Cross Price Elasticity of Demand measures the sensitivity between the quantity demanded in one good when there is a change in price in another good.[11] As a common elasticity, it follows a similar formula to Price Elasticity of Demand. Thus, to calculate it the percentage change in the quantity of the first good is divided by the percentage change in price in the second good.[11] The related goods that may be used to determine sensitivity can be complements or substitutes.[6] Finding a high-cross price elasticity between the goods may indicate that they are more likely substitutes and may have similar characteristics.[12] If it is negative, the goods are likely to be complements.

Real-world examples of cross-price elasticity:[13]

Product Under Investigation Comparison Product Price Elasticity
US Domestic Tuna Imported Tuna 0.45
US Domestic Tuna Bread -0.33
US Domestic Tuna Ground Meat 0.3
Beer Wine 0.2
Beer Soft Drinks 0.3
Transit Automobiles 0.85
Transportation Recreation -0.05
Food Recreation 0.15
Clothing Food -0.18

Elasticity of Scale

Elasticity of scale or output elasticity measures the percentage change in output induced by a collective percent change in the usages of all inputs.[14] A production function or process is said to exhibit constant returns to scale if a percentage change in inputs results in an equal percentage in outputs (an elasticity equal to 1). It exhibits increasing returns to scale if a percentage change in inputs results in greater percentage change in output (an elasticity greater than 1). The definition of decreasing returns to scale is analogous.[15][16][17][18]

Principles of Economics (1890) -- Alfred Marshall
Principles of Economics (1890) -- Alfred Marshall
pioneering views
Antoine Augustin Cournot

Detriments of Elasticity

There are various factors and detriments that may affect elasticity, and these factors differ for the types of elasticity.

Factors Affecting Price Elasticity of Demand

If a product has various available substitutes that exist in the market, it is likely that it would be elastic.[19] If a product has a competitive product at a cheaper price in the market in which it shares many characteristics with, it is likely that consumers would deviate to the cheaper substitute. Thus, if there were many substitutions exist in the market, consumer would have more choices and the elasticity of demand would be higher (elastic). In contrast, if there were few substitutions exist in the market, consumers then have less choices and no little to no available substitutes which means elasticity of demand would be lower (inelastic).[19]

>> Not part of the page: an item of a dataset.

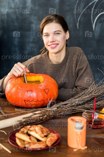 Счастливая девушка готовит украшения на Хэллоуин
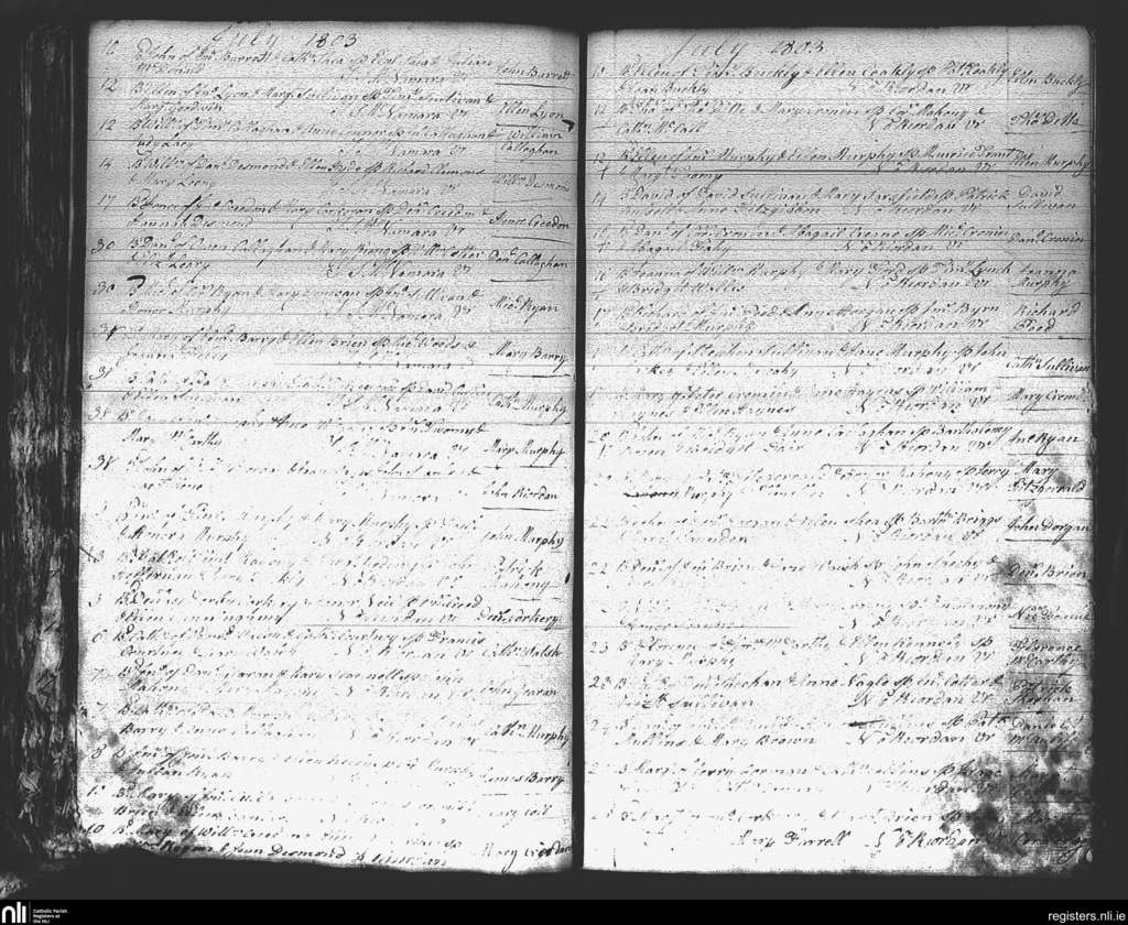 St. Mary's, Cork city; County of Cork; Diocese of Cork and Ross. Baptisms, July 1803

If a product is a necessity to the survival or daily life of a consumer, it is likely to be inelastic.[20] This is due to the fact that if a product is so intrinsically important to the daily life of a consumer, a change in price is not likely to affect its demand.[1]

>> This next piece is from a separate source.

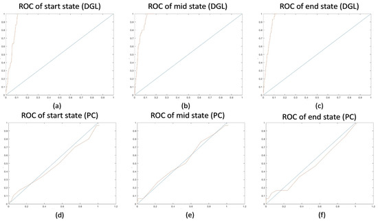 ROC curve: (a–c): ROC curve for our model (DGL) in different states. (d–f): ROC curve for using the Pearson correlation (PC) in different states.

If the price of a product is increasing and it has little available substitutes, it is likely that the consumer will still continue to pay this higher price.[1] The fact that the consumer needs the good in the short-run, means that he is likely to continue this action regardless in the long-run. This shows inelasticity of demand, because even if there is a huge increase of a product's price, there is no reduction of demand. However, if the consumer could not afford the new price of the product, they would likely have to learn to live without it, making the price elastic in the long-run.[19]

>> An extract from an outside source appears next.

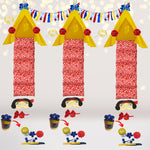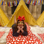 The Apple Princess Party Set allows you to decorate for your child's Apple Princess Glamping Slumber Party, while utilizing the party favors your guests will take home. The 3 Yellow Teepees give the party a pop of color. When you add the Fairy Lights to the front of each of them, you will see how enchanting they will look once the lights are turned down. You will want to add the Red, Yellow, Royal Blue, and Pale Blue with Glittering Red Apples, Ribbon Banners to connect your "party houses" in colorful beauty. As a final touch, tieback the entrance of the Tee Pees, and use the Red Marabou Feather Flower Shaped Boutique Bow Clips, to brighten the tiebacks on either side of the Tee Pee.

Factors Affecting Price Elasticity of Supply

Like Price Elasticity of Demand, time also affects Price Elasticity of Supply. Though, there are other varying factors that affect this too, such as: capacity, availability of raw materials, flexibility, and the number of competitors in the market. Though, the time horizon is arguably the most influential detriment to price elasticity of supply.[9]

The longer the time horizon, the easier it is for commodity buyers to choose alternative products (substitutes). Further, as the time for suppliers to respond to price changes increases, a given price change will have a more significant impact on supply. However, suppliers can also hire more labour overtime, raise more funds, build more new factories to expand production capacity, and ultimately increase supply. In general, long-term supply is more elastic than short-term supply because producers need some time to adjust their ability to adapt to changes in demand.[21]

Applications

The concept of elasticity has an extensive range of applications in economics. In particular, an understanding of elasticity is fundamental in understanding the response of supply and demand in a market.[7]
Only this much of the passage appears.